Drug designing is a crucial step in the exploration of novel drugs which requires potent methodologies. One of such methodologies is Quantitative Structure Activity Relationship (QSAR) which is a widely used statistical tool that correlates the structure of a molecule to a biological activity as a function of molecular descriptors, thereby, playing an essential role in the drug designing. QSAR utilizes Density Functional Theory (DFT) based chemical descriptors for this purpose. The selection of such significant molecular descriptors from various available descriptors is the foremost challenge in a QSAR as structural descriptors are representative of the molecular characteristics accountable for the relevant activity.

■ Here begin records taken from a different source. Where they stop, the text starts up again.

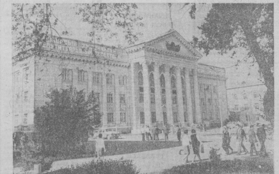
ҚИРҒИЗИСТОН ССР. Республика пойтахти — Фрунзе Иттифоқдаги энг замонавий ва сўли шаҳарлардан бири. Суратда: Фрунзе шаҳар икромия комитетининг биноси.

Ҳозирги Қирғизистон — Елпасига саводхонлар ўлкасидир. Ҳар бир қишлоқ, ҳар бир овулда мактаблар ташкил этилган. Бу мактабларда қирғиз, рус тилларида ва бошқа баъзи тилларда дарс беришмоқда.
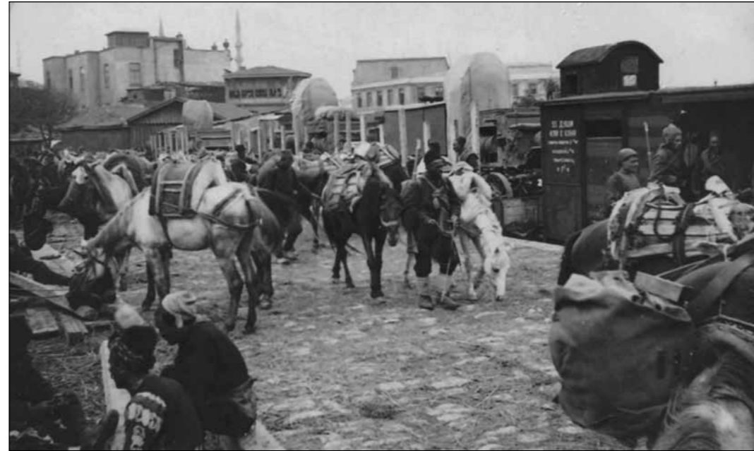
Ordumuzun bir ikmal kolu
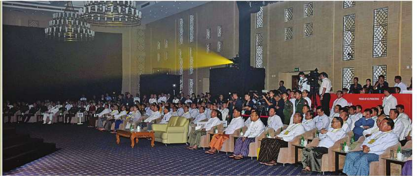
နိုင်ငံတော်စီမံအုပ်ချုပ်ရေးကောင်စီဥက္ကဋ္ဌ နိုင်ငံတော်ဝန်ကြီးချုပ် ဝိုင်းချုပ်မှူးကြီးမင်းအောင်လှိုင် အောင်ဘာလေအွန်လိုင်းသိန်းဆယ်စနစ်စတင်ခြင်း ဖွင့်ပွဲအခမ်းအနားတွင် အမှာစကားပြောကြားစဉ်။

နေပြည်တော် ၅ နံနက် ၈ အောင်ဘာလေအွန်လိုင်းသိန်းဆယ်စနစ် စတင်ခြင်း ဖွင့်ပွဲအခမ်းအနားကို ယနေ့ နံနက်ပိုင်းတွင် နေပြည်တော်ရှိ မြန်မာ အပြည်ပြည်ဆိုင်ရာ ကွန်ဗင်းရှင်းဗဟို ဌာန-၂ ၌ ကျင်းပရာ နိုင်ငံတော်စီမံ အုပ်ချုပ်ရေးကောင်စီဥက္ကဋ္ဌ နိုင်ငံတော် ဝန်ကြီးချုပ် ဝိုင်းချုပ်မှူးကြီးမင်းအောင်လှိုင် တက်ရောက် အမှာစကားပြောကြားသည်။ အခမ်းအနားသို့ နိုင်ငံတော်စီမံ အုပ်ချုပ်ရေးကောင်စီဥက္ကဋ္ဌ နိုင်ငံတော် ဝန်ကြီးချုပ်နှင့်အတူ ကောင်စီတွဲဖက် အတွင်းရေးမှူး ဒုတိယဝန်ကြီးကြီး ချစ်ဝင်းဦး၊ ကောင်စီဝင်များ၊ ပြည်ထောင်စု ဝန်ကြီးများနှင့် ပြည်ထောင်စုအဆင့်ပုဂ္ဂိုလ် များ၊ နေပြည်တော်ကောင်စီဥက္ကဋ္ဌ၊ ညှိနှိုင်း ကွပ်ကဲရေးမှူးကြီး(ကြည်းရေးလေ) ဝိုင်းချုပ်ကြီး မောင်မောင်အေး၊ ကာကွယ်ရေးဦးစီးချုပ်ရုံး မှ တပ်မတော်အရာရှိကြီးများ၊ မြန်မာစီးပွား ရေးကော်ပိုရေးရှင်းဥက္ကဋ္ဌ၊ ဝိယက်နမ် ဆိုရှယ်လစ်သမ္မတနိုင်ငံအစိုးရ ကာကွယ်ရေး ဝန်ကြီးဌာနကိုယ်စား Viettel Group မှ တာဝန်ရှိသူများ၊ နေပြည်တော်တိုင်းစစ်ဌာန ချုပ်တိုင်းမှူး၊ ဒုတိယဝန်ကြီးများ၊ ဖိတ်ကြား ထားသည့်နေပြည်တော်များ၊ အနုပညာရှင်
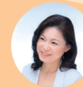
こうのとりのフォーラム運営委員長 ラ・シゴニーユ編集長

Recently, new QSAR approaches have been introduced which further enhance the study of the activities. Further, the constructed QSAR models also need to be tested and validated for their efficiency and practical usage. As the QSAR models are structure specific, they may not be universally applicable. However, because of their high precision and efficacy, they have a promising future in the world of drug design. This review briefly summarizes the role of descriptor based QSAR in drug design in conjunction with existing QSAR approaches and also the utility as well as constraints of this approach in drug design.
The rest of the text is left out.